Steps to Run Example

Configure your labels by editing config/config_default.yml. Modify the label_schema in the dataset section to include only 'Yes' and 'No' options.

dataset:
    name: 'dataset'
    records_path: null
    initial_dataset: 'dump/dataset.csv'
    label_schema: ["Yes", "No"]
    max_samples: 50

Run the main pipeline from an IDE or the command line

> python run_pipeline.py

Note: Without input parameters, the pipeline prompts the user to provide them. Alternatively, specify initial prompt and task description as command-line arguments:

> python run_pipeline.py \
    --prompt "Does this movie review contain a spoiler? answer Yes or No" \
    --task_description "Assistant is an expert classifier that will classify a movie review, and let the user know if it contains a spoiler for the reviewed movie or not."

A browser window displaying the Argilla workspace will open for manual annotations

Annotate the generated examples as they appear and monitor the pipeline's progress.
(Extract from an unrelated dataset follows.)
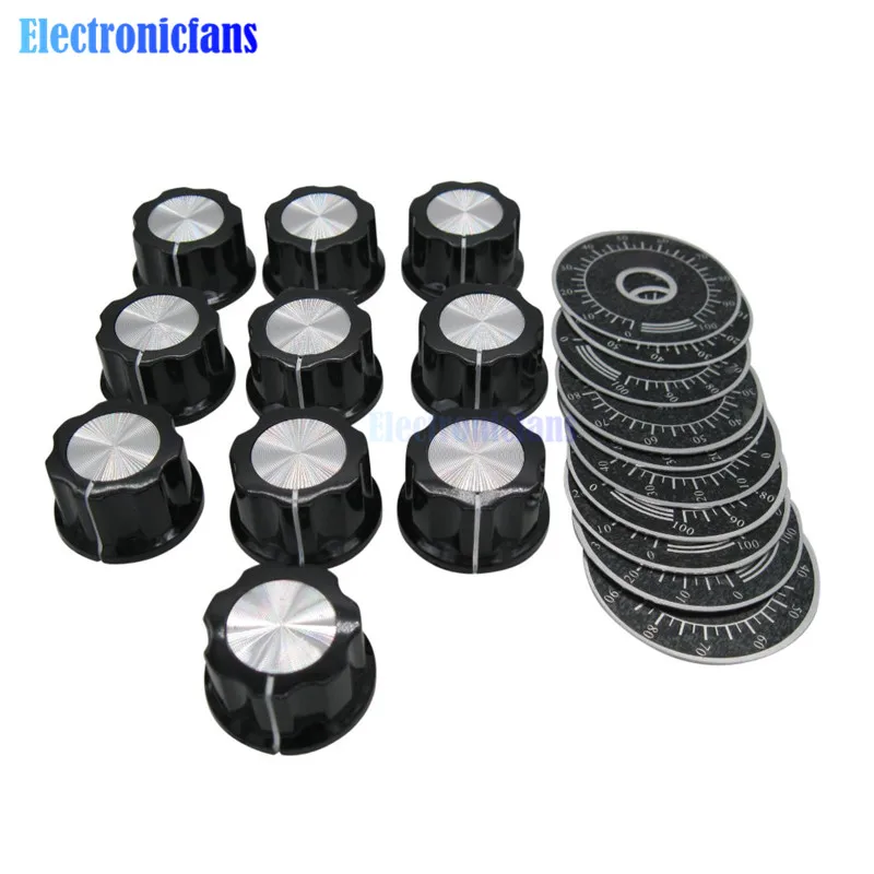 Набор из 20 ручек циферблата MF-A03 A03 WTH118, Регулируемые вращающиеся кнопки управления потенциометром + листы для шкалы 0-100

Control the number of optimization iterations with the num_steps parameter, specified at start:

> python run_pipeline.py --num_steps 30

The pipeline concludes after reaching the num_steps or meeting a predefined stop criteria, defined in config/config_default.yml:

stop_criteria:
    max_usage: 0.5  # Max budget for optimization (USD for OpenAI's LLM model)
    patience: 3     # Number of iterations to wait for improvement
    min_delta: 0.05 # Minimum improvement between iterations

Note that the framework also supports using an LLM as the annotator, see setup instructions here.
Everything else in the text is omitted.